1996 FIRA European Championship

Tournament details
- Host: Spain
- Dates: 10 April 1996– 14 April 1996
- Teams: 5

Final positions
- Champions: France
- Runner-up: Spain

Tournament statistics
- Matches played: 7

= 1996 FIRA Women's European Championship =

The 1996 FIRA Women's European Championship was the second edition of the Women's European Championship. It saw the debut of Germany and a five-nation event.

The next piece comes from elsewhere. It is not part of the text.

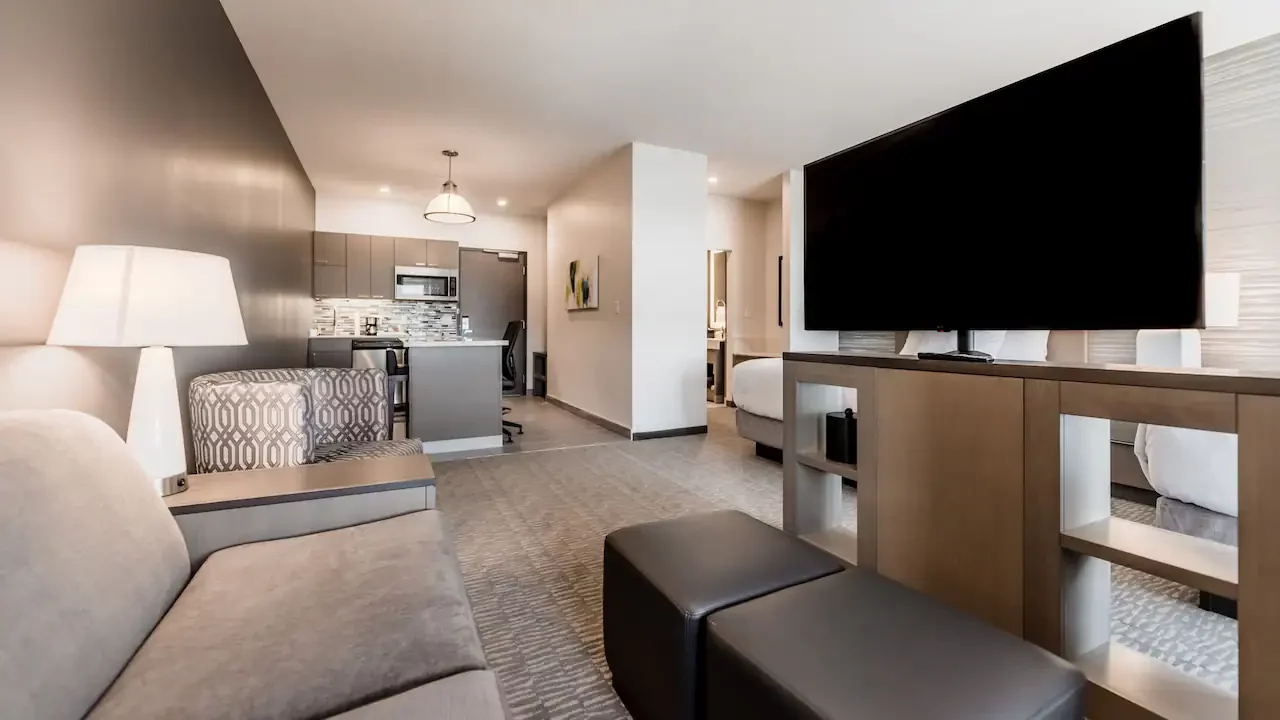 The accommodations at Hyatt House are thoughtfully designed to ensure a pleasant stay. Guests can choose from a variety of room types, including spacious suites that feature separate living areas, fully equipped kitchens, and modern amenities. Each room is outfitted with plush bedding, flat-screen TVs, and complimentary Wi-Fi, providing a home-like atmosphere for guests. The kitchen facilities make it easy for families or longer-stay guests to prepare their own meals, adding an extra layer of convenience to their experience.

The competition was initially a three-team two pools system but Russia withdrew a few days before the start. With no time for finding substitutes Pool B was left with only two teams, becoming in a "semi-final" for deciding the final place. The other final place was decided on a three-team pool (Pool A), won by Spain with wins over Netherlands and Germany.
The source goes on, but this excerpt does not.